At the launch event, the honourable Prime Minister mentioned in his concluding remarks, “The National Logistics Policy has immense potential for the development of infrastructure, for expansion of business, and increasing employment opportunities. We have to realise these possibilities together,”. He also highlighted that the policy would ensure quick last-mile delivery, end transport-related challenges, save time and money for the manufacturers and prevent wastage of the agro-products. The policy would stimulate and substantiate the performance of other government initiatives like the Production Linked Incentive (PLI) scheme, Make in India, and Aatmanirbhar Bharat Abhiyan, to name a few. This would widen the country’s export potential, making India an emerging manufacturing hub. The provision for the cold chain units and warehousing facilities along the air and rail routes in the policy is expected to address the last mile connectivity of perishable Agri products with ambient environment connectivity.
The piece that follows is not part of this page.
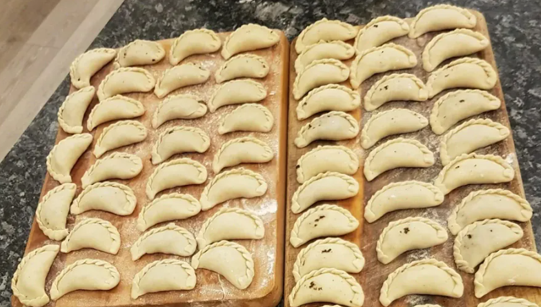 Šefo patarimas: Naudokite grybų mirkymo vandenį padažui – tai sustiprina aromatą! Ingredientai: tešlai – 3 stiklinės miltų, 1 stiklinė aliejaus, 1 stiklinė verdančio vandens. Įdarui: 2-3 saujos džiovintų grybų, 1 svogūnas, aliejus, druska. Padažui: 1 svogūnas, 1 česnakas, petražolės, prieskoniai.

The policy would be a significant upleap for the agricultural sector, particularly the horticulture sector. The farmers/traders wishing to expand their produce’s marketing opportunities would easily identify and evaluate the presence of road, rail, air, and water connectivity along the transportation route. Also, potential investors would independently ascertain the return on their investments along the supply chain or while developing business opportunities around potential markets/hubs of the horticulture commodities. Efficient market connectivity would help transform semi-urban regional centres into urban areas and strike a balance between the overcrowded urban metro areas, shedding them of enormous pressure and load. With efficient market linkages from farms to the market, the existing Mega Food Parks around the country would also get a boost, leading to the expansion and entry of new hubs and parks around the country. Entities would be incentivised to set up food processing plants in and around the production/harvest regions near the farm gates to reap the optimal cost & time advantage. This would boost the Government of India’s primary focus of promoting Food Processing units in the country. The seamless market linkages would also enable the export potential of various produce, making them competitive in the global market. With so many opportunities opening up, the farmers would be encouraged to increase the production and yield of horticulture crops, enabling them with better price remuneration and an increase in farm income.